20090629

Od Magic

Od Magic, by Patricia McKillip, was the latest book I finished. I picked it up at the library when getting Butcher's Small Favor (which I already finished, but need to think more on before I write much).

While it had a few elements very much in common with my favorite of her series, The Riddle-Master of Hed, it was all about meeting the unknown.

And in that vein, it was very appropriate to current events.

People, in general, will react with either love or fear of the unknown. Personally, as an outgrowth of my firm belief in the Golden Rule (the original, not the more recent, very cynical, perversion of it), I've always tried to meet such things with wonder.

This is why Miyazaki's My Neighbor Totoro is one of my all-time favorite movies. Nothing else captures the wonder of everyday life, and seeing the world as a child again, like that movie.

Getting back to the relevance to current events, this is what drives most of the political discourse these days. Somewhat less so, since Obama was elected, but it was the driving force for almost everything the Bush Administration did. And they stayed in power for a second term by forcing that fear of the unknown onto a hefty chunk of the population of the US. This is why we've spent hundreds of billions of dollars killing brown people.

Some powerful people are afraid of what those people can do. They missed the main point, though, I think (likely deliberately); those people, even in the direst predictions made of their putative abilities, never were, and never will be, an existential threat to the US.

That is, they can hurt us, and kill a lot of people, but to destroy the US, you'll need to do more than kill a few (million, perhaps) people. Occupation would be a necessity for that mission. And how many people would that require? I'm not sure, but I'm thinking that the number is in the millions (maybe single-digit millions, but still more than hundreds of thousands).

Are there millions of terrorists? Of course not. The very idea is ludicrous. If there were that many of them, they'd form their own army (to go straight to the most practical of arguments).

So the idea that terrorists could ever be an existential threat to the US is absurd.

Ok, that went considerably farther than I think was useful. My whole point is that we should all try to be more like Yar, in the book.

Update: I forgot to add that conformism was another topic that was very central to this book. And this has been a very relevant issue in recent years, as well.

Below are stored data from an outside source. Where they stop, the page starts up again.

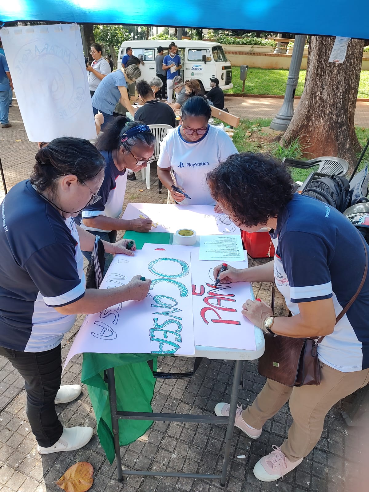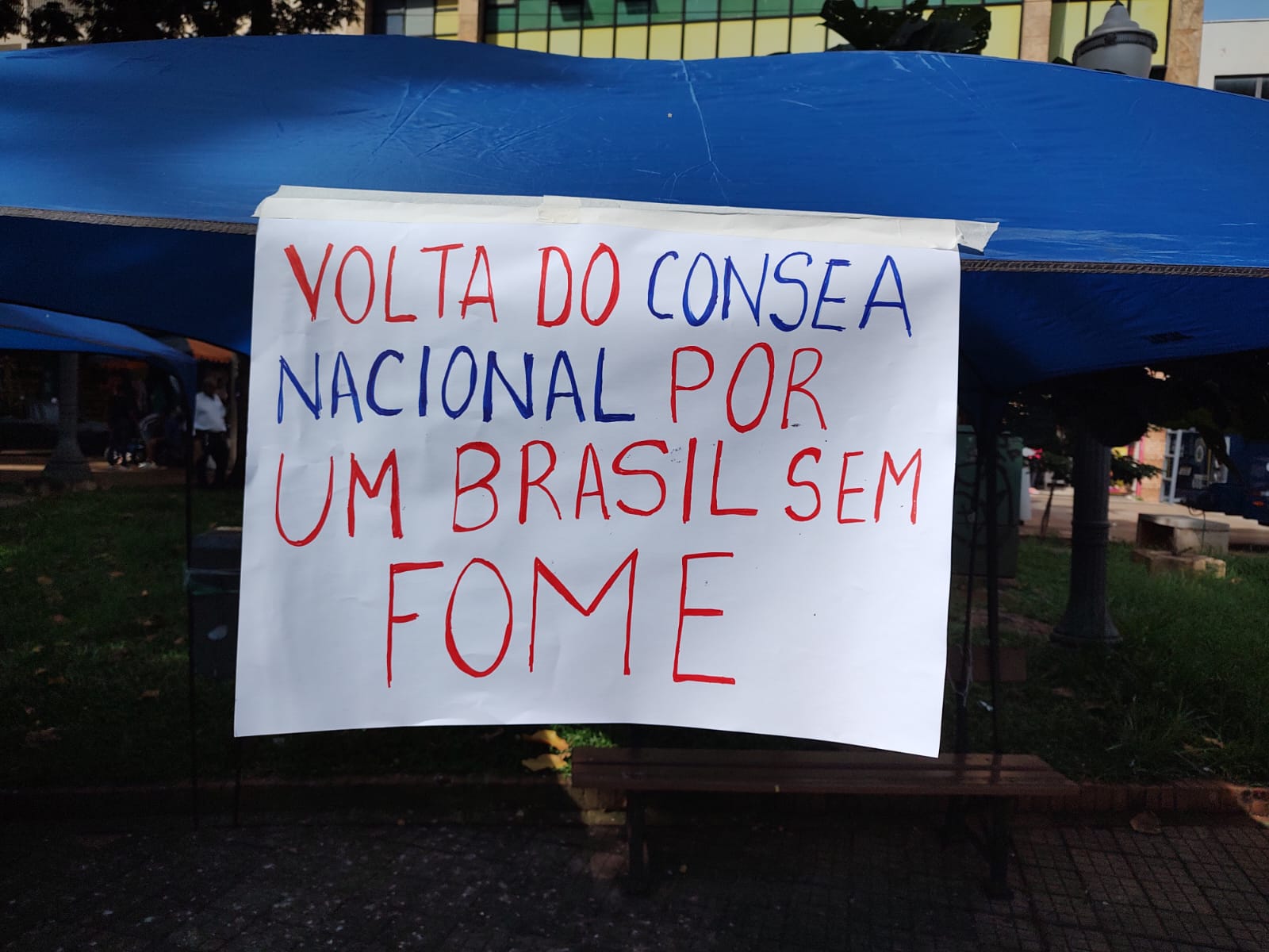 Em Ribeirão Preto, SP, a distribuição de refeições e alimentos aconteceu no centro da cidade, e houve também varal com cartazes com informações a respeito do CONSEA e sua importância.
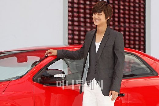 기아자동차가 11일 오전 서울 삼성동 코엑스 야외광장에서 '포르테 쿱(FORTE KOUP)' 신차발표회를 갖고 있다. 홍보대사인 탤런트 김범이 1호차 주인공으로 선정되어 포즈를 취하고 있다.
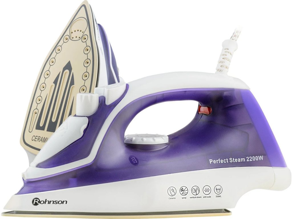 Napařovací žehlička Rohnson R-331 s keramickou žehlící plochou a výkonem 2200 W disponuje systémem odvápňování Anti-Calc a samočištění Self-Cleaning.
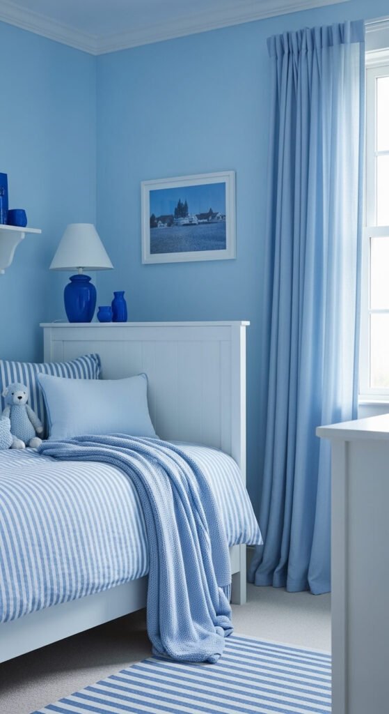 Pale blue is the most calming monochrome choice for a child’s bedroom — significantly calmer than the multicolor primary palettes most commonly associated with children’s spaces, and age-appropriate from infancy through early teenage years without feeling either baby-targeted or overly adult. Keep the range within the pale-to-mid blue spectrum — sky blue walls with cornflower bedding and a pale aqua throw create enough tonal variety without moving toward saturated navy, which reads as a very different atmosphere at child scale. White painted furniture provides a clean neutral backdrop that works at every age stage and makes the blue palette feel lighter. Pale blue paint costs $25 to $50 for a standard bedroom.
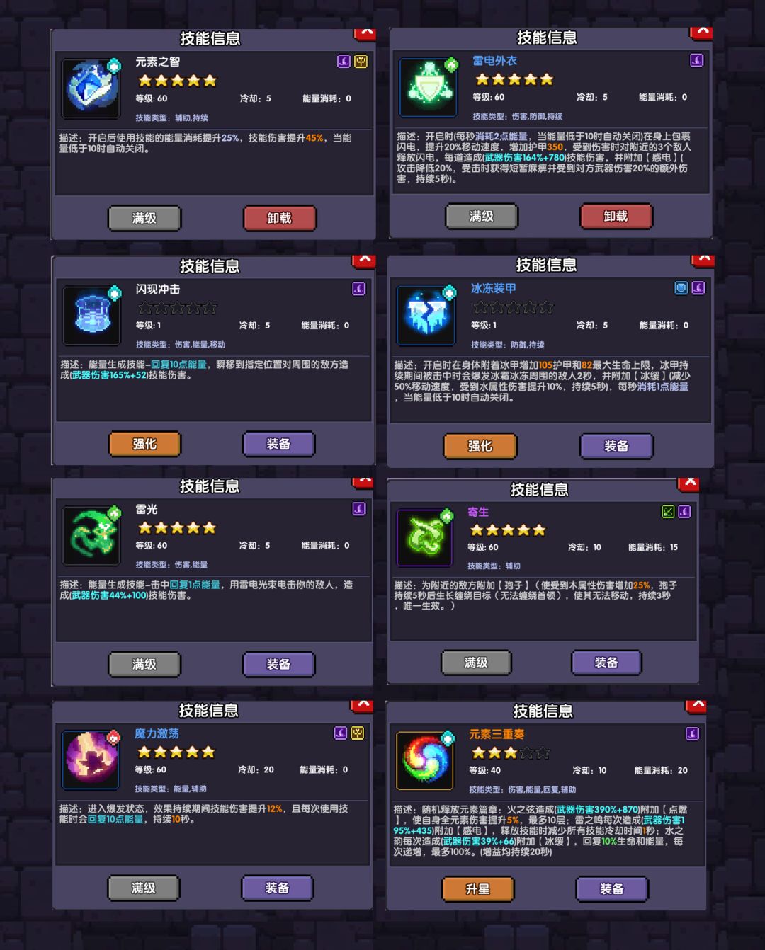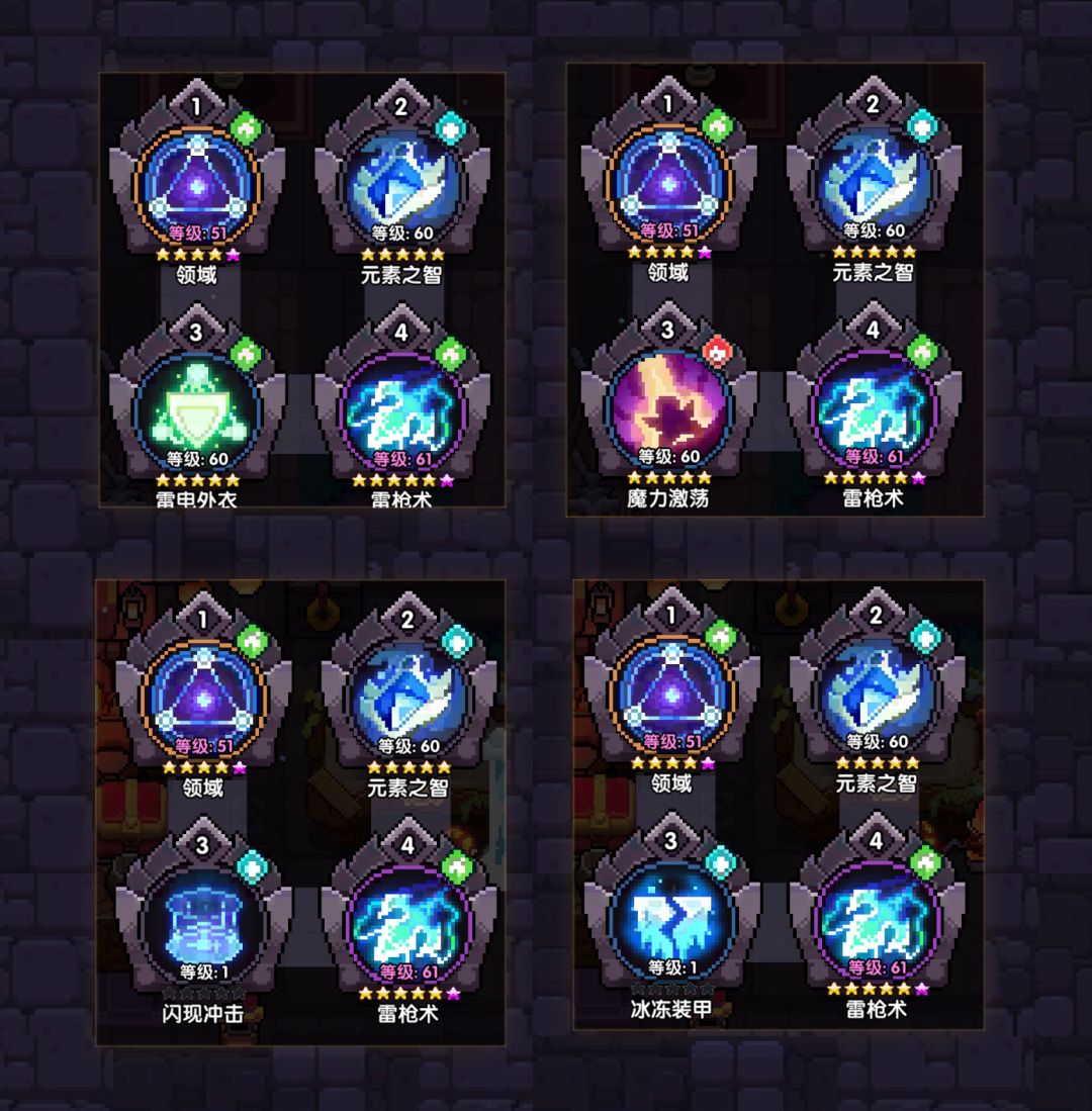元素三重奏:前期运气好能弄到,不需要升级或者刻意去弄这个技能,结合加伤、减CD、回血回蓝、控制为一体的实用性较强的技能。

The previous administration spent a lot of time and effort trying to force conformity on the entire country. The entire push about the dangers of 'islamo-fascism' was one of the biggest farces in the country. In fact, 'islamo-fascism' as a term is almost self-contradictory. If you're not sure why that is, look up the definition of fascism. The idea that a religion (even a small religious sect) could be pushing fascism is absurd on its face. Fascism is all about conformity and nationalism. Unless you're in an explicitly muslim state, the concept is impossible. And much was made of the terrorists not being part of any state (that was the whole argument for declaring captured terrorists as 'unlawful combatants', remember (ignoring, for a minute, how few of those captured were actually terrorists)).